The Council on Hotel, Restaurant and Institutional Education defined competency as "the ability to perform activities within an occupation to a set standard. It may incorporate the ability to apply the relevant skills and knowledge to a new situation within the occupational area as well as generic skills" (CHRIE, 1995, p. 5). Similarly, a job task is defined as "a discrete, identifiable and meaningful unit of work that is carried out by a job-holder for a specific purpose leading to a specific outcome. The performance of a task requires the application of a skill" (p. 6). A comparison between the entry-level job tasks for the municipal recreation sector by the NRPA and the resort and commercial recreation field may identify common core competencies of an ideal entry-level recreation professional.
The most common job analysis techniques of Developing a Curriculum (DACUM) and V-TECS reinforce narrowly defined skill components. The DACUM process involves seven procedural steps.
1. Committee orientation to the DACUM process.
2. Occupation/job review to arrive at a mutually agreeable working title(s) for jobs and specialization areas.
3. Identification of duties or general functional areas or responsibility under which tasks will fit.
4. Identification of specific tasks performed in each duty area.
5. Review and refinement of task and duty statements.
6. Identification of related requirements such as general knowledge and skills, tools and equipment, supplies and materials used, worker traits and attitudes, and future occupational trends/concern.
7. Task analysis to determine specific steps, performance standards and related requirements. Information from the task analysis is incorporated into modules, learning guides, and other instructional materials (Norton, 1993).
V-TECS is similar to DACUM in that they both focus on dissecting work-based activities into component parts, which reinforces a narrow conceptualization of workers' roles within an organization (Norton, 1993). The future high-performance workplace will require workers with more broadly, less well-defined job descriptions (Bailey & Merritt, 1995). This study attempts to avoid a narrow skills model with specific tasks being analyzed by incorporating a wide range of job descriptions into the analysis and creating a core of entry-level competencies. These core competencies would represent a professional cross-trained generalist worker with knowledge and skills in a variety of resort and commercial recreation areas.
Industry-based skill standards or job competencies and certification have become a significant national issue in the U.S., driven by concerns over educational quality and the need for a more competitive and highly skilled work force. This national concern is demonstrated by The Goals 2000: Educate America Act passed by the United States Congress in 1994. Included in this act is educational reform and a call for the creation of a private-sector national skills standards board to endorse voluntary national skill standards in several broad occupational groups (CHRIE, 1995). A conviction by Bailey & Merritt (1995), that technology and market changes have resulted in significant alteration in the types of skills and behaviors needed by workers on the job, has created a widespread skills standards movement. Industry-based skill standards are a crucial component of that movement. Gladwell & Heeler (1993) summed up the need for job task analyses in resort and commercial recreation, when they discussed the lack of meaning of the National Recreation and Parks Association certification program to commercial recreation employers.

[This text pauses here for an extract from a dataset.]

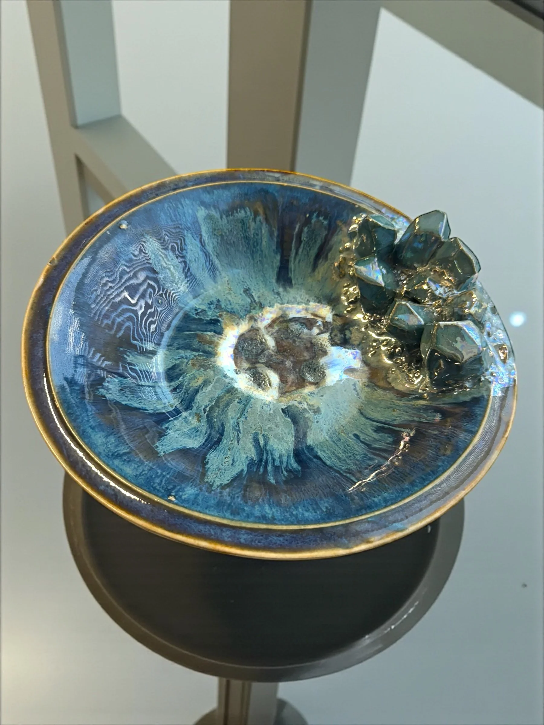 A cluster of hand-sculpted crystals rises from the edge, glimmering with soft iridescence. Each crystal was individually shaped and placed by hand, creating a stunning contrast between smooth glaze and natural texture. The piece radiates harmony and depth — a perfect balance between water and earth elements.

In conducting a competency analysis of recreational sports personnel, Jamieson (1980) stated "a profession is recognized in part by the body of knowledge it relates and in part by the appropriate standards that evolve to support this knowledge base" (p. 1). Identifying entry- level job competencies would determine detailed information about what job tasks entry-level professional resort and commercial recreation personnel perform and what specific knowledge, skills, and abilities are necessary to deliver competent professional services. Once identified, these competencies may provide a basis of core information for ongoing professional activities, such as in-service training, certification, and curriculum development. Stumbo (1986) acknowledged that "a concrete and systematic body of knowledge seems to be the primary building block of all professions" (p. 16).
One of many questions raised by Niepoth (1993) is whether professionalism fosters fragmented, specialized service. The need for more research identifying what, if any, common job competencies exist between specializations such as the Certified Leisure Professional, Therapeutic Recreation Specialist, and the Certified Sports Specialist within the profession could clarify that question. Additional research into the exact knowledge, skills, and abilities of entry-level professionals within the resort and commercial recreation field may identify areas of possible core competencies which are common to all areas of recreation and leisure services or recognize the commercial recreation area as professionally specialized.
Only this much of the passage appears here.